Source data section start

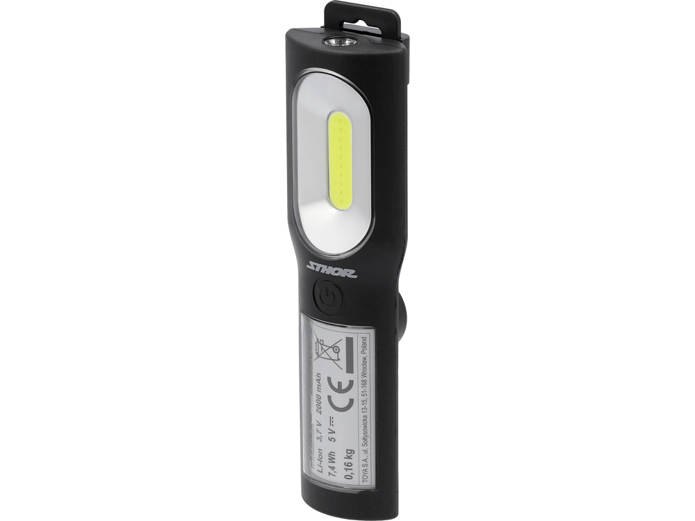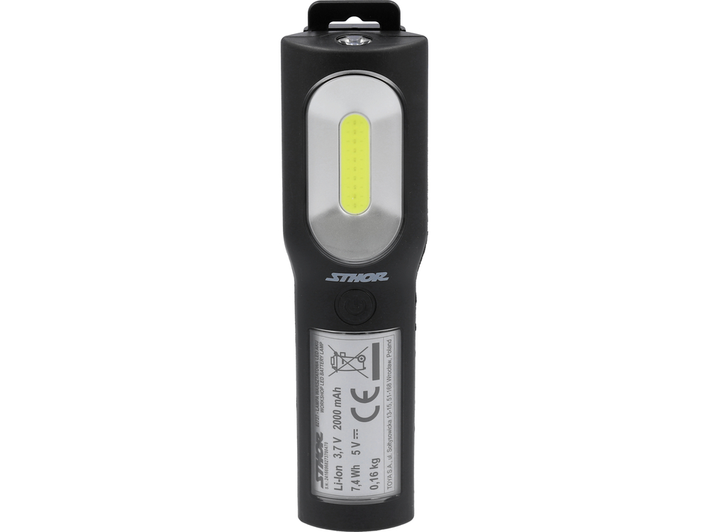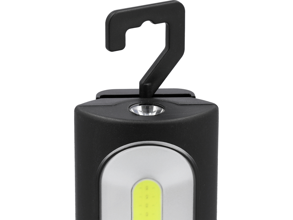 Lampă de lucru portabilă ușoară cu patru moduri de funcționare, care permit ajustarea iluminării în funcție de activitățile desfășurate și nivelul de încărcare a bateriei. Un alt avantaj este clipsul, magneții și cârligul care permit suspendarea lămpii.
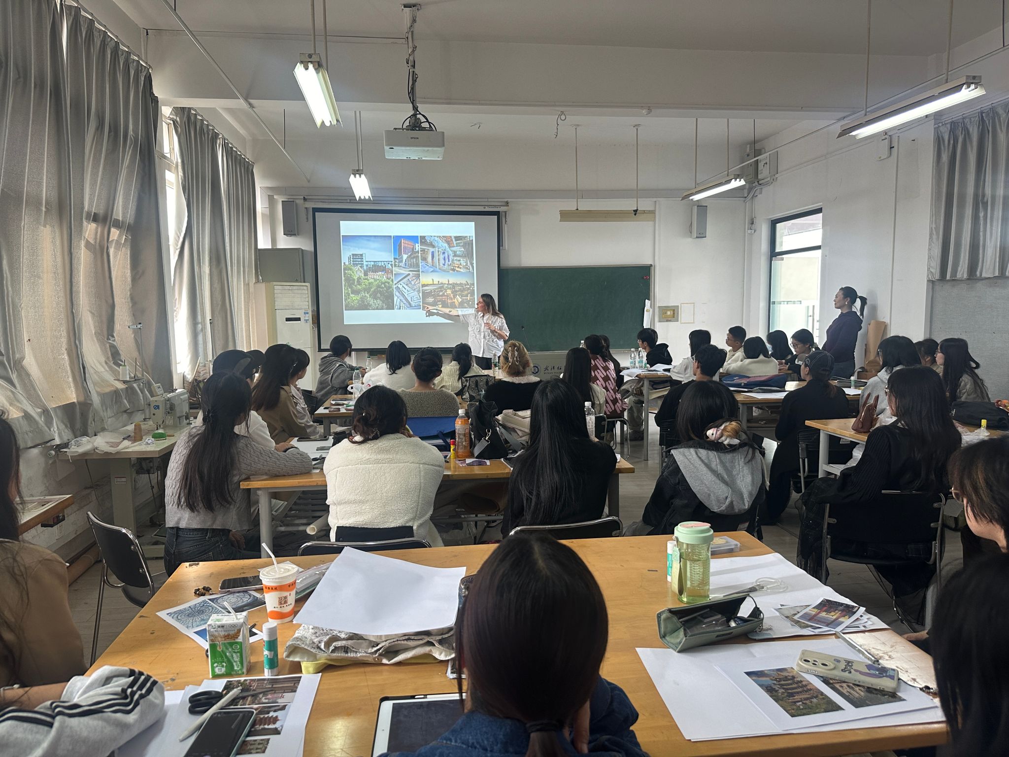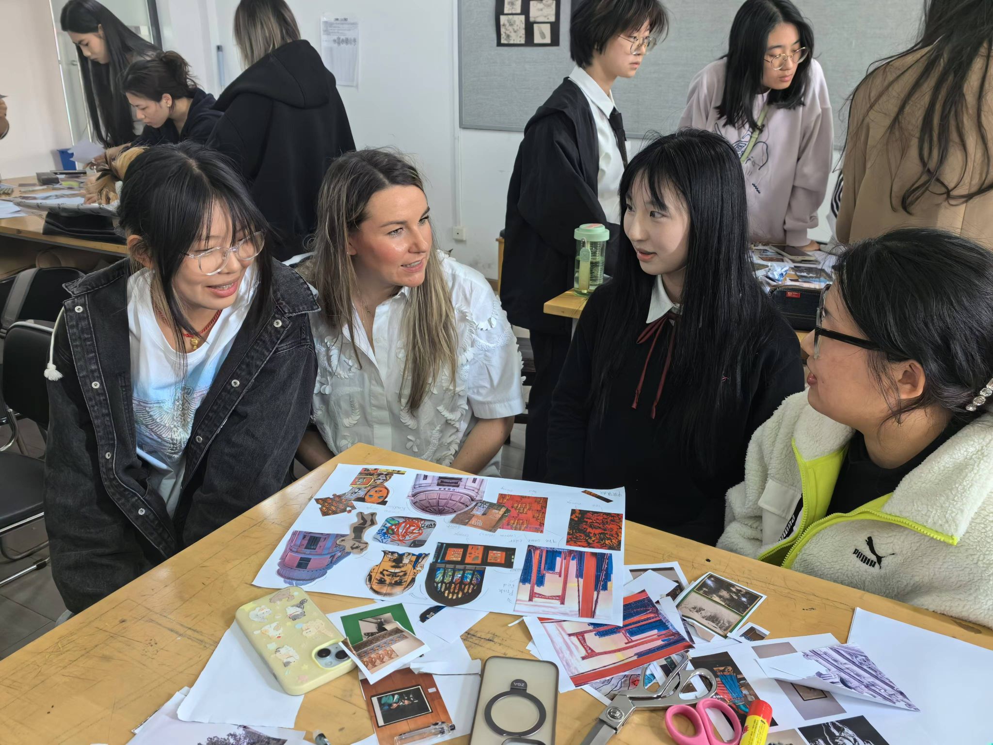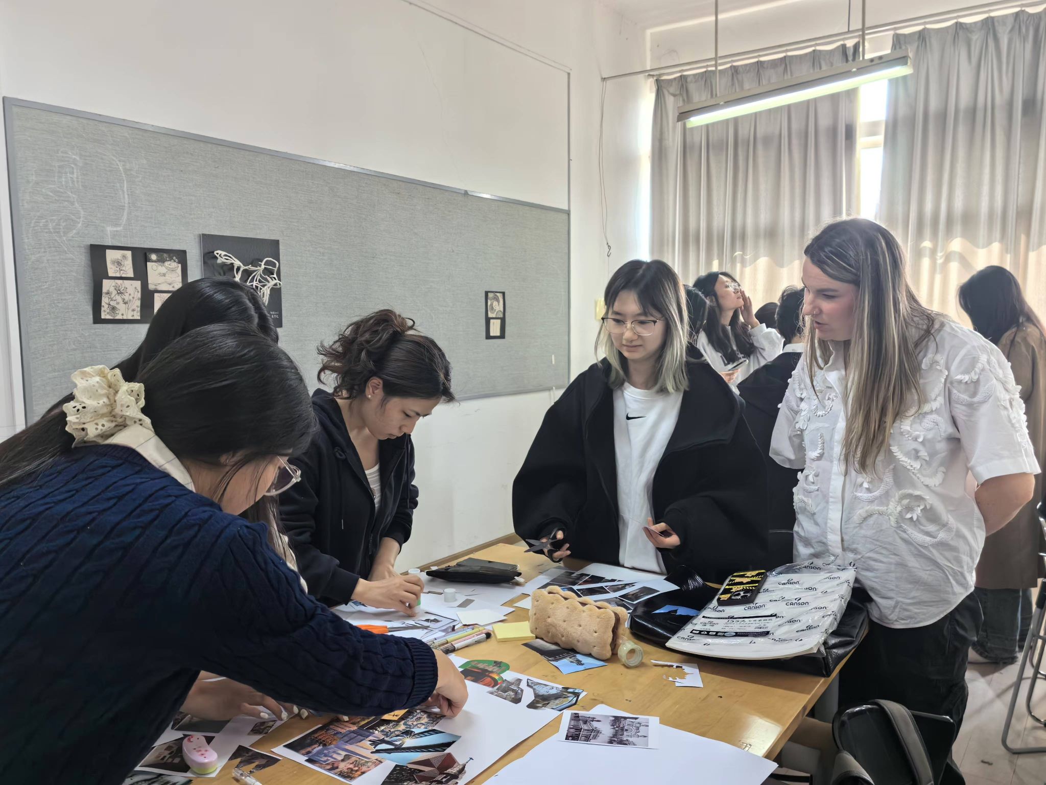 在接下来的实践环节中,学生们利用之前收集的“武汉”与“曼彻斯特”两个城市的图片资料,进行创意拼贴,并从中提炼出关键词,构建出独特而富有意义的概念灵感板。这一过程不仅锻炼了学生的动手能力和团队协作精神,更让他们深刻体会到跨文化交流对于设计灵感的重要性。同学们纷纷表示,这次工作坊使他们受益良多,不仅学到了新的设计理念和技巧,更重要的是,通过国际间的师生深度交流,提升了大家的国际视野。许多同学表达了对未来能够参与更多类似活动的强烈愿望。
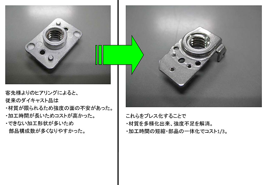 [提案名]ダイキャスト品をプレス化で強度up・部品構成数削減・ コスト低減 | ||||||||||
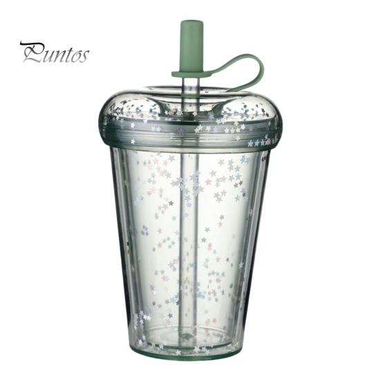 Герметичная чашка для холодного кофе, многоразовая прямая пипеточная чашка со встроенными соломинками, двухстенный изолированный стакан для холодного кофе, мультяшная чашка для питья S зелёный

Source data section end

Only the lines from the beginning of the listing up to and including the line with "在接下来的实践环节中,学生们" should appear in the reply, copied word for word and free of pictures.

 Lampă de lucru portabilă ușoară cu patru moduri de funcționare, care permit ajustarea iluminării în funcție de activitățile desfășurate și nivelul de încărcare a bateriei. Un alt avantaj este clipsul, magneții și cârligul care permit suspendarea lămpii.
 在接下来的实践环节中,学生们利用之前收集的“武汉”与“曼彻斯特”两个城市的图片资料,进行创意拼贴,并从中提炼出关键词,构建出独特而富有意义的概念灵感板。这一过程不仅锻炼了学生的动手能力和团队协作精神,更让他们深刻体会到跨文化交流对于设计灵感的重要性。同学们纷纷表示,这次工作坊使他们受益良多,不仅学到了新的设计理念和技巧,更重要的是,通过国际间的师生深度交流,提升了大家的国际视野。许多同学表达了对未来能够参与更多类似活动的强烈愿望。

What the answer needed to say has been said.